The chromosome ideogram (e.g., cytobands) is visualized using the
cytobands.json
specification. A comprehensively commented
specification is available in the Annotation
tracks
ObservableHQ notebook.
The blacklist tracks show regions that were excluded from copy-number segmentation due to repetitive sequences, mapping artifacts, or other reasons. Two blacklist are provided.
The two blacklist tracks are bundled together using vertical concatenation. The additional level of nesting allows the user to toggle the visibility of both tracks simultaneously.
ENCODE blacklist contains regions provided in Ameniya et al.

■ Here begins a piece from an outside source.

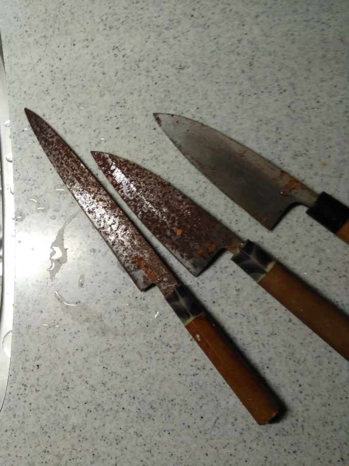 しばらく釣りにも行けずに放ったらかしにしていた包丁がひどい事になっていました

2019. The spec and data are stored
in the following files: hg38-blacklist.v2.json
and
external-data/hg38-blacklist.v2.tsv
.
DECIDER blacklist covers regions that contain aberrations in at least three
normal samples in the DECIDER cohort. The aberrations may be due to mapping
artifacts, common germline copy-number variations, or other reasons. The spec
and data are stored in the following files:
decider-cnv-blacklist.json
and
decider-data/decider-cnv-blacklist-v1.tsv
.
The RefSeq gene visualization is explained comprehensively in the Annotation tracks ObservableHQ notebook.
This track visualizes "A highly annotated database of genes associated with platinum resistance in cancer", introduced in Huang et al. 2021.
The data are stored in the platinum_resistance.tsv
The visualization specification is public domain under the CC0 1.0 Universal (CC0 1.0) Public Domain Dedication. You are fee to adapt it for your own data sets.